Roman Kramsztyk (16.08.1885–06.08.1942)
painter, draftsman, member of the elite Group of Five
One of the most recognizable Polish artists in Poland and abroad was born on August 16, 1885 in Warsaw to an assimilated Jewish family. The son of Paulina, née Fajans, and the pediatrician and social activist Julian Kramsztyk, on his mother’s side he was the grandson of the photographer and lithographer Maksymilian Fajans, the brother of Maurycy, a well-known entrepreneur and one of the pioneers of industry in the Kingdom of Poland; on his father’s side, he was the grandson of the famous preacher, graduate of the Rabbinical School in Warsaw, Reform Rabbi Izaak Kramsztyk, who paid the price for his involvement in agitating for Polish independence during the January Uprising, among other things being imprisoned in the Citadel and deportated from the Kingdom of Poland.
Roman attended private drawing and painting lessons with Zofia Stankiewicz, Miłosz Kotarbiński and Adolf Edward Herstein in Warsaw, before studying at the Academy of Fine Arts in Krakow with Józef Mehoffer and from 1904 in the Drawing Class of Johann Caspar Herterich at the Royal Academy of Fine Arts in Munich .In 1910 he moved to Paris, where he finally settled in 1922. Despite his distance, he remained active in his homeland. In 1918, together with Eugeniusz Zak and Tadeusz Pruszkowski, he founded the so-called Nowa Grupa, he was one of the most active members of the Society of Polish Artists, and in 1922 he co-founded the Association of Polish Artists “Rytm”. Outside Poland, the places in which he exhibited included in Paris, Brussels, New York, Barcelona, Stockholm and Moscow.
Kramsztyk was a landscape painter, an author of nudes and still lifes inspired by ancient art, as well as a well-known and respected portraitist, who created a gallery of the Polish artistic and intellectual elite. Oil painting is the largest and most important part of his oeuvre, which can be included in the art circle of the École de Paris with which the artist was associated. Realism was closest to him, although not in a way that was either naturalistic or idealistic.
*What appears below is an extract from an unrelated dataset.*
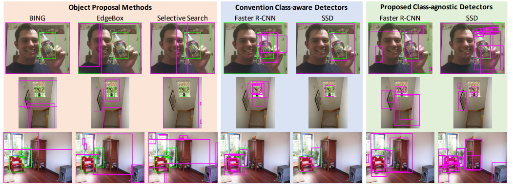 在很多问题中,目标的存在位置信息比类别信息更重要,于是该文作者提出一种新型 class-agnostic(可不知类别的) 目标检测问题表述,作为新的研究方向。制订训练和评估协议,以确定基准和推进研究;设计一个新的对抗式学习框架,用于类诊断检测,强制模型从用于预测的特征中排除 class-specific 信息。实验结果表明,对抗式学习提高了 class-agnostic 识别的检测效率。

Every summer he came to Poland, where he ran an art studio. In 1939, he came to Warsaw for his mother’s funeral, where he was caught by the outbreak of the war due to prolonged inheritance procedures. Kramsztyk was a Catholic and always considered himself a Pole, but nevertheless in November 1940 he was interned and ended up in the ghetto, refusing the help offered by his friends and not attempting to escape. Although Judaism was alien to him as an artist, and Jewish themes were absent in his work prior to 1939, in the tragic conditions of the ghetto, he created drawings documenting the omnipresent horror, hunger and death of the Jewish inhabitants of the city. The fate of most of these works is unknown. They were probably burned.
He died on August 6, 1942 during the ‘Great Liquidation Action’ in the Warsaw Ghetto. Although he had a shelter in the bunker, he decided to leave it and go to his apartment to get his drawings. On the way back he was shot by the Germans. Apparently his last words were: “Tell them … to paint scenes from the ghetto. Sacrifice everything, let the world know about the bestiality of the Germans.” One of the artist’s most famous works from this period is “The Jewish Family in the Ghetto”, which miraculously survived in the Ringelblum Archive.